From the entries below, reproduce exactly the lines from the one with "Az előszobából a" through the one with "광장일보 주재영 기자", both included, without images.

> Stored data
------------------------
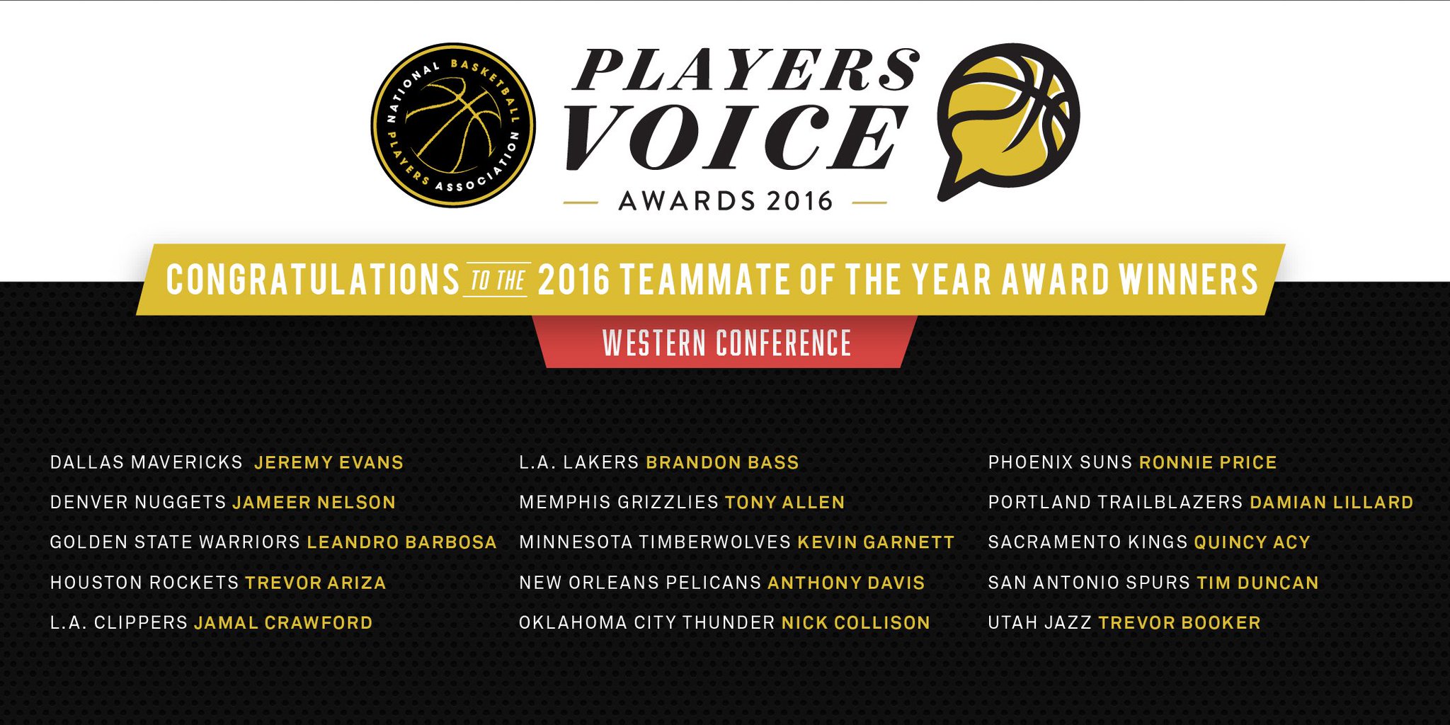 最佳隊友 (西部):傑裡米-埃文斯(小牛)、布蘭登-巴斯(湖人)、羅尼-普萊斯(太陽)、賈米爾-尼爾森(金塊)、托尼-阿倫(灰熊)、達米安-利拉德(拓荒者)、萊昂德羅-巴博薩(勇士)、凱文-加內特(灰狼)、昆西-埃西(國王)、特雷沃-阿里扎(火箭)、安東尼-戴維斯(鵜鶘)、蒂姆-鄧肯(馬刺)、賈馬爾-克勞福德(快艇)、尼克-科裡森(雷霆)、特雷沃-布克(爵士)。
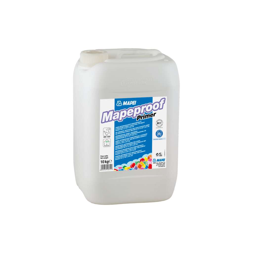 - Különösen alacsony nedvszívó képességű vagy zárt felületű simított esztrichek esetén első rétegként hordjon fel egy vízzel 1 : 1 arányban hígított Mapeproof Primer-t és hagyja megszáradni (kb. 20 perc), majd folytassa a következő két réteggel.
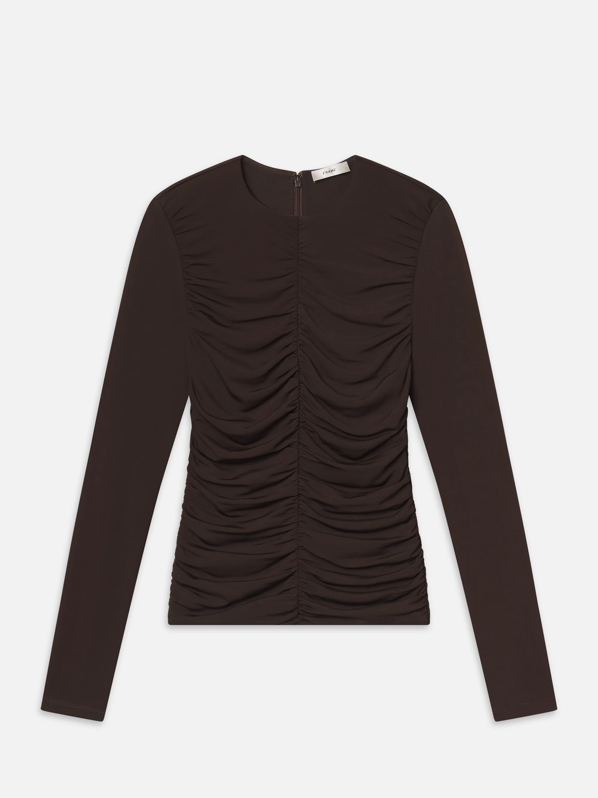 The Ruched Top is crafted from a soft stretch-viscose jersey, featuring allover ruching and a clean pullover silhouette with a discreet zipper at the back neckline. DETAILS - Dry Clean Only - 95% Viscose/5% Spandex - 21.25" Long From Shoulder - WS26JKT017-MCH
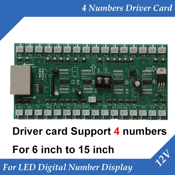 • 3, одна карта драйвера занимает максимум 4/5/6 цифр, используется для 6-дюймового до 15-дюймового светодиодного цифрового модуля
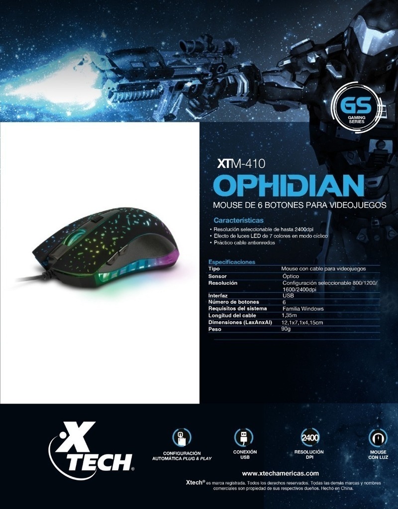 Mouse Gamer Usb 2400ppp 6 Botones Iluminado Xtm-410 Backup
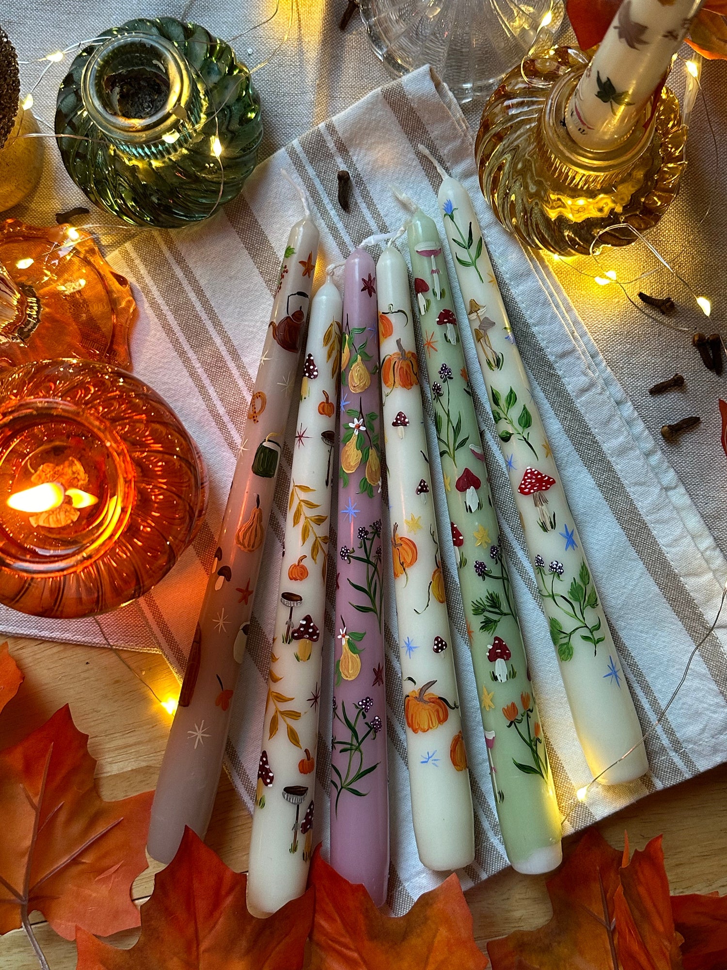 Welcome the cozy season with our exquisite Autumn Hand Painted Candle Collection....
------------------------
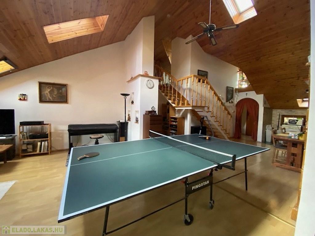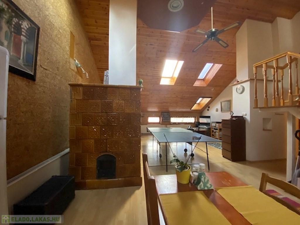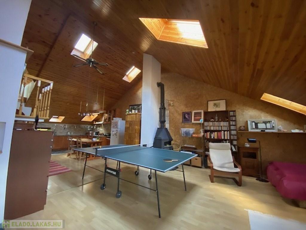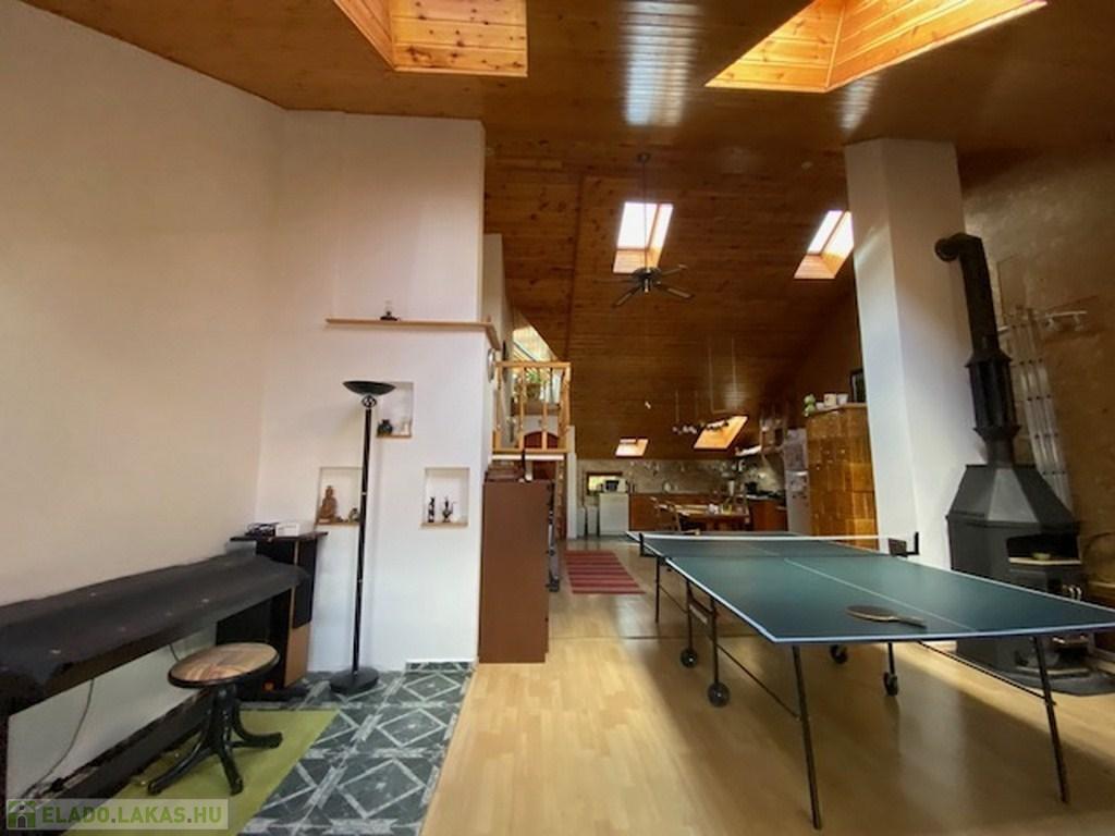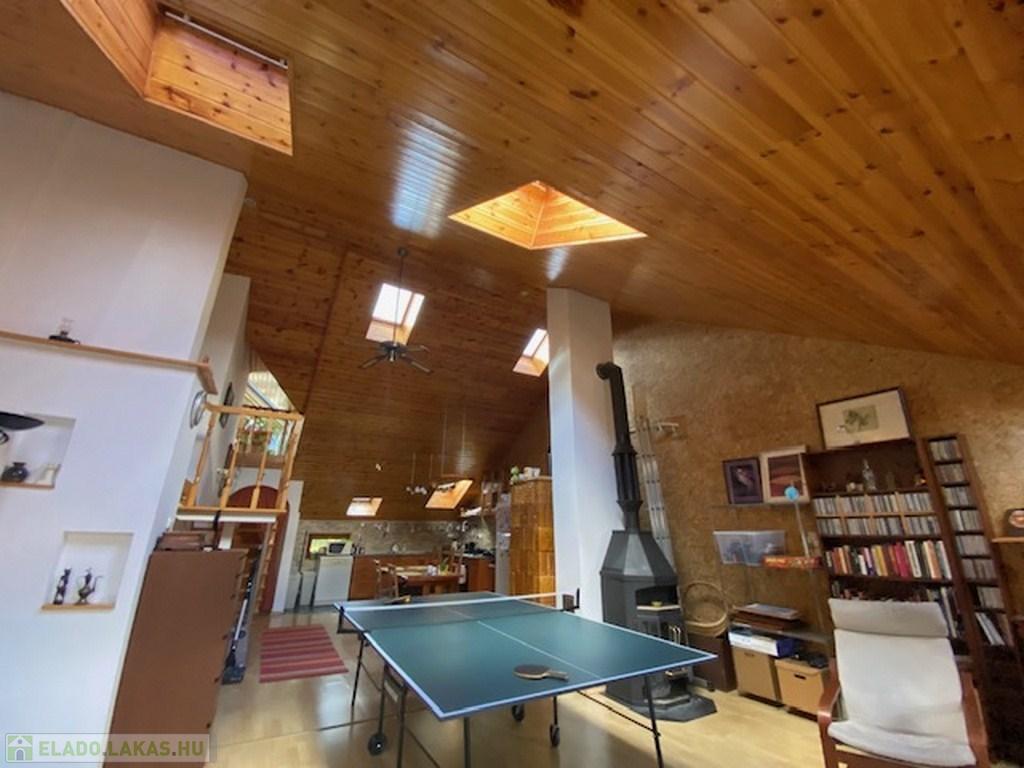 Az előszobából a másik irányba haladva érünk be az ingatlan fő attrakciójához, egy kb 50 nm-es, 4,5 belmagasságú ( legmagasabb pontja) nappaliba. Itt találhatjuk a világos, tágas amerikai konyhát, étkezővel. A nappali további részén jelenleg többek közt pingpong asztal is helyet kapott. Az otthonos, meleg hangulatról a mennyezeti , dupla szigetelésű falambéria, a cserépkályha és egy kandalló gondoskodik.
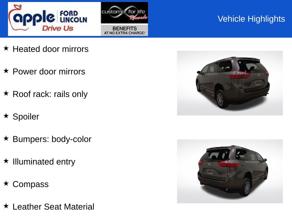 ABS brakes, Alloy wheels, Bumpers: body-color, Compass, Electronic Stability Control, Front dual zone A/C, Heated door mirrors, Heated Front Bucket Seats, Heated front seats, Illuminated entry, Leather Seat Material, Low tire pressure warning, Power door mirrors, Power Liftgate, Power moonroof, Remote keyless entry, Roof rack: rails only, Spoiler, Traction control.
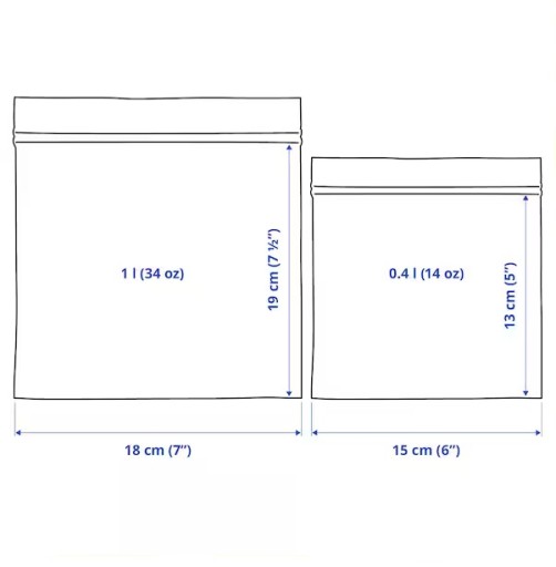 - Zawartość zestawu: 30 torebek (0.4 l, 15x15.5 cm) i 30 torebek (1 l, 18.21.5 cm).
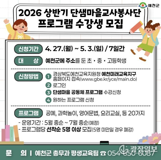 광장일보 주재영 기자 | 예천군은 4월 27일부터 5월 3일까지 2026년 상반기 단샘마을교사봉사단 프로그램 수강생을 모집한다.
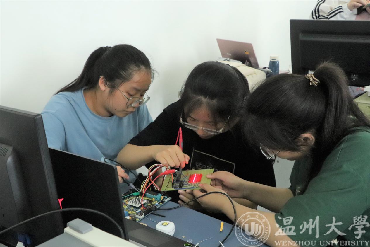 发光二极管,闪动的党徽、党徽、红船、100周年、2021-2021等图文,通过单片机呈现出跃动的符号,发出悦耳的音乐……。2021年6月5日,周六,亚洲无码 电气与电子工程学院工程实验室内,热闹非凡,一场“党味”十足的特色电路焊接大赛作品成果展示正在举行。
------------------------
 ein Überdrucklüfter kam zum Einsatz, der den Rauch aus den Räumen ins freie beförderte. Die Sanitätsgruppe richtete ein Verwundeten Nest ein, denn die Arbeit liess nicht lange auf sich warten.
------------------------
> Written response
 Az előszobából a másik irányba haladva érünk be az ingatlan fő attrakciójához, egy kb 50 nm-es, 4,5 belmagasságú ( legmagasabb pontja) nappaliba. Itt találhatjuk a világos, tágas amerikai konyhát, étkezővel. A nappali további részén jelenleg többek közt pingpong asztal is helyet kapott. Az otthonos, meleg hangulatról a mennyezeti , dupla szigetelésű falambéria, a cserépkályha és egy kandalló gondoskodik.
 ABS brakes, Alloy wheels, Bumpers: body-color, Compass, Electronic Stability Control, Front dual zone A/C, Heated door mirrors, Heated Front Bucket Seats, Heated front seats, Illuminated entry, Leather Seat Material, Low tire pressure warning, Power door mirrors, Power Liftgate, Power moonroof, Remote keyless entry, Roof rack: rails only, Spoiler, Traction control.
 - Zawartość zestawu: 30 torebek (0.4 l, 15x15.5 cm) i 30 torebek (1 l, 18.21.5 cm).
 광장일보 주재영 기자 | 예천군은 4월 27일부터 5월 3일까지 2026년 상반기 단샘마을교사봉사단 프로그램 수강생을 모집한다.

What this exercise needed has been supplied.